Northwestern researchers discovered the brain becomes overly stimulated after a traumatic event causes an ongoing, frenzied interaction between two brain proteins long after they should have disengaged.
“It’s like they keep dancing even after the music stops,” explained principal investigator Jelena Radulovic, associate professor of psychiatry and behavioral sciences and Dunbar Scholar at Northwestern University Feinberg School of Medicine. When newly developed research drugs MPEP and MTEP were injected into the hippocampus, the calming drugs ended “the dance.”
“We were able to stop the development of exaggerated fear with a simple, single drug treatment and found the window of time we have to intervene,” Radulovic said. “Five hours is a huge window to prevent this serious disorder.” Past studies have tried to treat the extreme fear responses, after they have already developed, she noted.
The study, conducted with mice, was published Dec. 1 in the journal Biological Psychiatry.
An exaggerated fear disorder can be triggered by combat, an earthquake, a tsunami, rape or any traumatic psychological or physical event.
“People with this syndrome feel danger in everything that surrounds them,” Radulovic said. “They are permanently alert and aroused because they expect something bad to happen.

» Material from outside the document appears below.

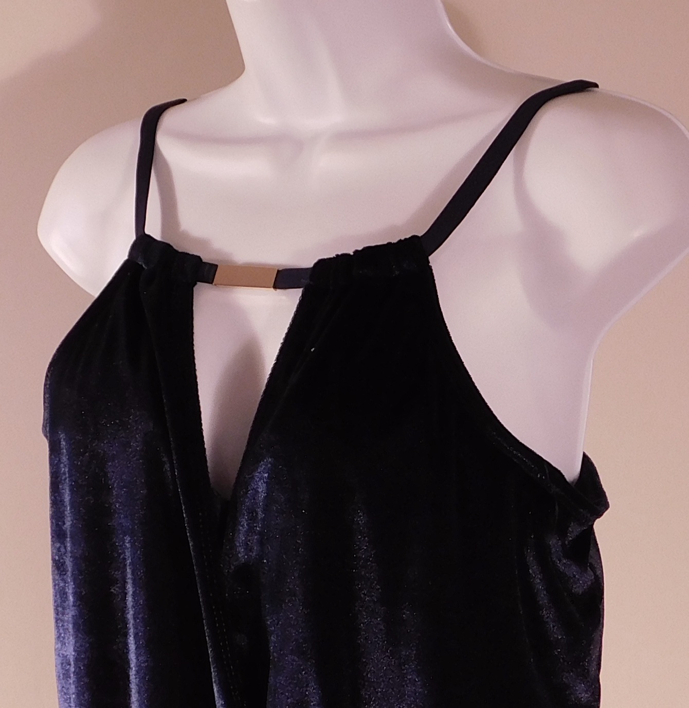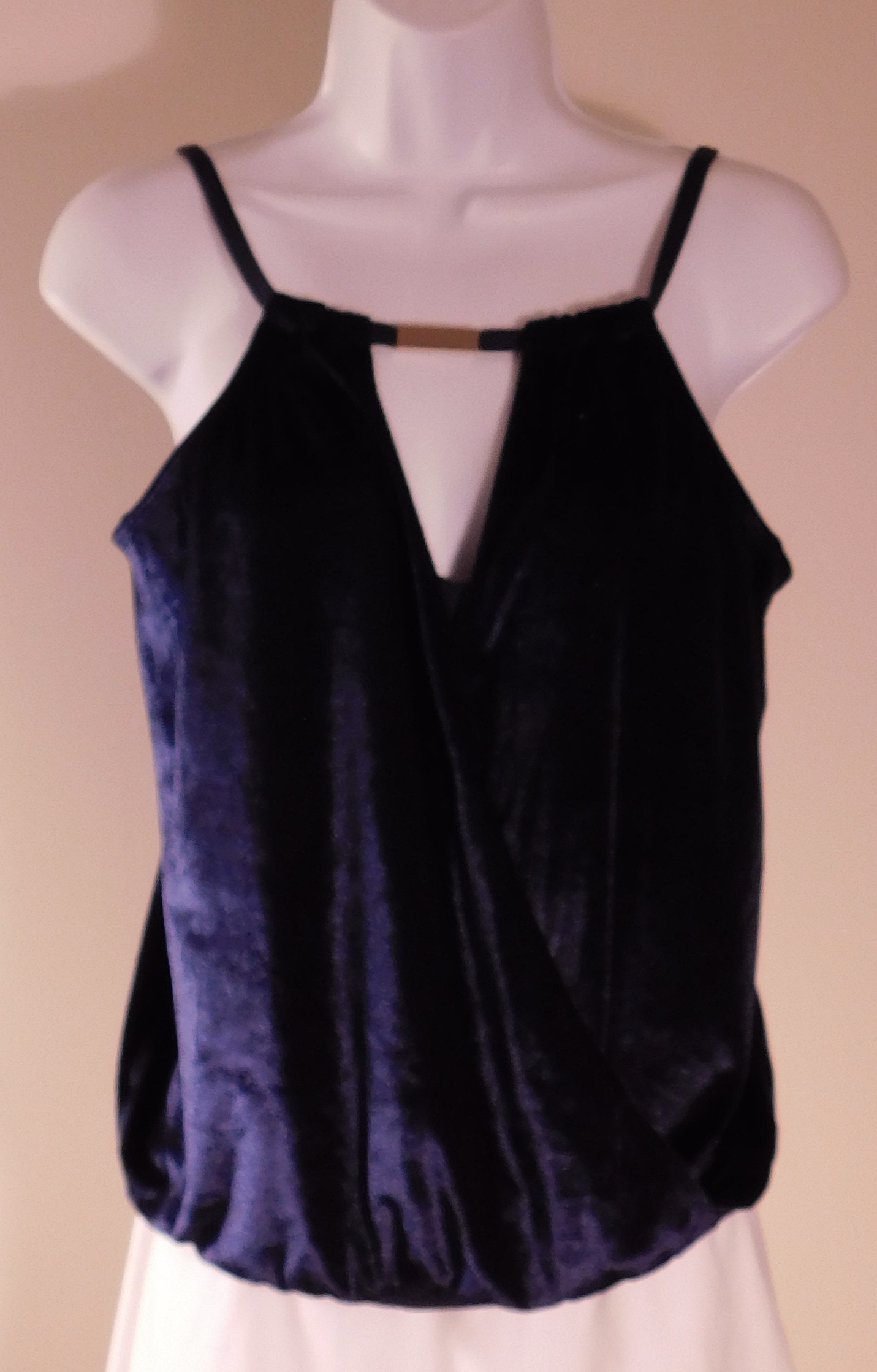 LUXE BY LISA VOGEL NWT Women’s Blue Halter Draped-Keyhole Velvet Tankini Swim Top Sz M ($98)

They have insomnia; their social and family bonds are severed or strained. They avoid many situations because they are afraid something bad will happen. Even the smallest cues that resemble the traumatic event will trigger a full-blown panic attack.”
In a panic attack, a person’s heart rate shoots up, they may gasp for breath, sweat profusely and have a feeling of impending death.

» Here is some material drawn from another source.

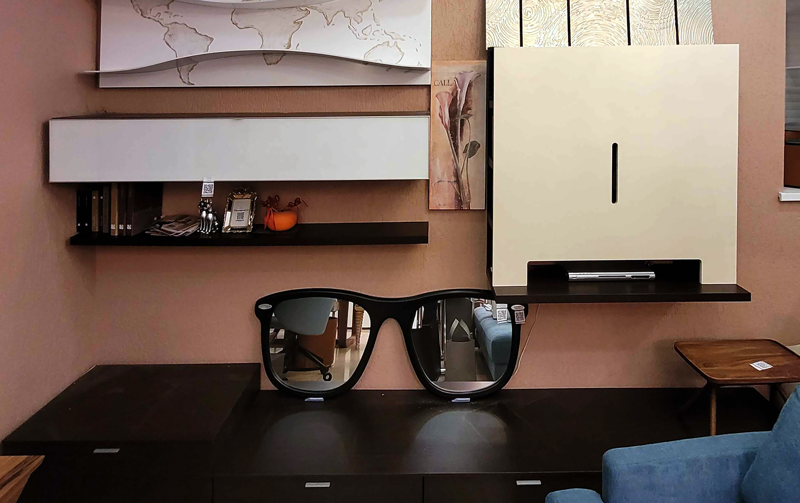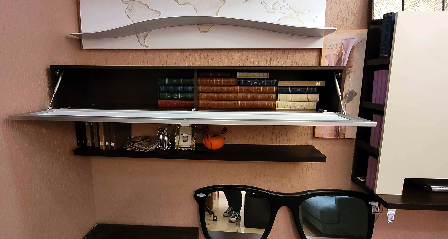 Для того чтобы дизайн был единым, используется специальная панель для телевизора, которая не только поможет скрыть малоестетичные провода и разъемы, но и придаст эксклюзивный и стильный вид даже самому обычному телевизору. Панель разместит на себе телевизор диагональю до 42 дюймов. Панель Spar имеет ряд функциональных достоинств, среди которых компактное размещение дисков и прочих аксессуаров на четырех полках с каждой стороны фасада и удобное место для сопутствующей аппаратуры в нижней части панели.

Many people bounce back to normal functioning after stressful or dangerous situations have passed. Others may develop an acute stress disorder that goes away after a short period of time. But some go on to develop post-traumatic stress syndrome, which can appear after a time lag.
The stage is set for post-traumatic stress disorder after a stressful event causes a natural flood of glutamate, a neurotransmitter that excites the neurons. The excess glutamate dissipates after 30 minutes, but the neurons remain frenzied. The reason is the glutamate interacts with a second protein (Homer1a), which continues to stimulate the glutamate receptor, even when glutamate is gone.
For the study, Northwestern scientists first subjected mice to a one-hour immobilization, which is distressing to them but not painful. Next, the mice explored the inside of a box and, after they perceived it as safe, received a brief electric shock. Usually after a brief shock in the box, the animals develop normal fear conditioning. If they are returned to the box, they will freeze in fear about 50 percent of the time. However, after the second stressful experience, these mice froze 80 to 90 percent of the time.
The animals’ exaggerated chronic fear response continued for at least one month and resembles post-traumatic stress disorder in humans, Radulovic said.
For the second part of the study, Natalie Tronson, a postdoctoral fellow in Radulovic’s Dunbar Laboratory for Research on Memory and Fear, and Radulovic repeated the two stressful experiences with the mice but then injected them with MPEP and MTEP five hours after the immobilization. This time the mice did not develop the exaggerated fear response and froze for only 50 percent of the time.
“The mice’s fear responses were completely normal,” Radulovic said. “Their memories of the stressful event didn’t trigger the extreme responses anymore. This means we could have a prevention approach for humans exposed to acute, severe stressful events. “
The research was supported by the National Institute of Mental Health.